Research suggests that St. John's Wort raises levels of serotonin, norepinephrine, and dopamine — neurotransmitters that help boost morale and mood.

Unlike prescription anti-depressants (i.e., Prozac, Paxil, Zoloft, Effexor, etc.), which can cause side effects, such as nausea, lowered sex drive, and delayed ejaculation and/or orgasm, St. John's Wort has not been documented as affecting sexual arousal or responses. Side effects that have been reported from using St. John's Wort include:

  • gastrointestinal discomfort, such as upset stomach
  • allergic reactions
  • fatigue
  • restlessness
  • increased sensitivity to sunlight (so, use a sunscreen while taking St. John's Wort)
  • dry mouth
  • confusion
  • dizziness

St. John's Wort is not recommended for the treatment of severe or manic depression, and components of St. John's Wort may raise blood pressure, possibly resulting in a stroke.

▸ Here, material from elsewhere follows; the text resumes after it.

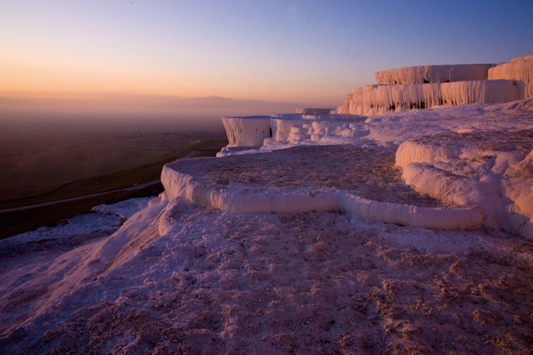 帕穆克卡萊又稱棉花堡,以其如棉花堆積而成的地貌而聞名于世。這里擁有土耳其最負盛名的溫泉,溫泉源自土耳其西安納托利亞的卡爾達吉山一側(cè),水溫37攝氏度,從地下汩汩冒出,經(jīng)過一系列“白色梯田”瀑布般流下。這些“白色梯田”均由泉水帶來的一種碳酸鈣白色物質(zhì)組成。在大約100階的“梯田”中,每一層都聚有水塘,泉水中含有的礦物質(zhì)為巖石表面涂上了令人驚奇的色彩和光澤。在棉花堡溫泉附近是建于公元前190年的赫拉波利斯城遺址。該城在古羅馬時代即是心臟病、皮膚病和風濕病患者的一個著名礦泉療養(yǎng)地。

Before trying St. John's Wort, or any other natural medicine for that matter, contact your health care provider, because "natural" does not necessarily mean safe. Limited research has been done on women who are pregnant; however, there is some evidence from animal studies that St. John's Wort increases uterine muscle tone, thereby leading to a possible increased risk of premature labor. It has also been suggested that hypericum contains tannic acid, which may interfere with iron absorption. Iron is important for a mother and fetus during pregnancy. Until more is known, women who are pregnant or breastfeeding need to avoid taking St. John's Wort.

Also, don't take St. John's Wort if you are taking any prescription HIV or AIDS medications called protease inhibitors or non-nucleoside reverse transcriptase inhibitors, anti-depressant medications, and/or monoamine oxidase inhibitors (MAOIs) because of possibly dangerous interactions. See the National Center for Complementary and Alternative Medicine of the National Institutes of Health web site for more detailed information.

Since St. John's Wort is a nutritional supplement and as such, not regulated by the U.S. Food and Drug Administration (FDA), the quality of the supplement may vary. In that case, read product labels and look for an extract standardized to 0.3 percent hypericin, the purported active ingredient in St. John's Wort. One source, Herbal Medicine: Expanded Commission E Monographs, a leading publication on herbal medicines, suggests that the ideal dose of St. John's Wort has extracts from the flowering tops of the plant. The dosage of St. John's Wort that has been used in most studies is a 900 milligram daily dose taken in 300 mg increments three times a day. Results may not be seen for at least four to six weeks, if at all. If there are no results after 6 weeks, discontinue its use, since it's probably not effective for you.

At this time, no research has been done to assess St. John's Wort's long-term safety and efficacy. However, the National Institute of Mental Health (NIMH), the National Center for Complementary and Alternative Medicine, and the NIH Office of Dietary Supplements (ODS) conducted the first U.S. large-scale, controlled clinical trial of St. John's Wort in 1998 to assess how effective it is as therapy for clinical depression. The study's findings were published in 2002 in the Journal of the American Medical Association; the conclusion was that St. John's Wort was no more effective for treating moderate depression than a placebo. But the study methodology and the interpretation of the findings by the researchers have been criticized by some in the scientific community as flawed and misleading.

Regardless of the current state of inconsistency in research findings on St. John's Wort's effectiveness, people with mild to moderate depression looking for an alternative to prescription antidepressants may benefit from trying this herbal medicine instead.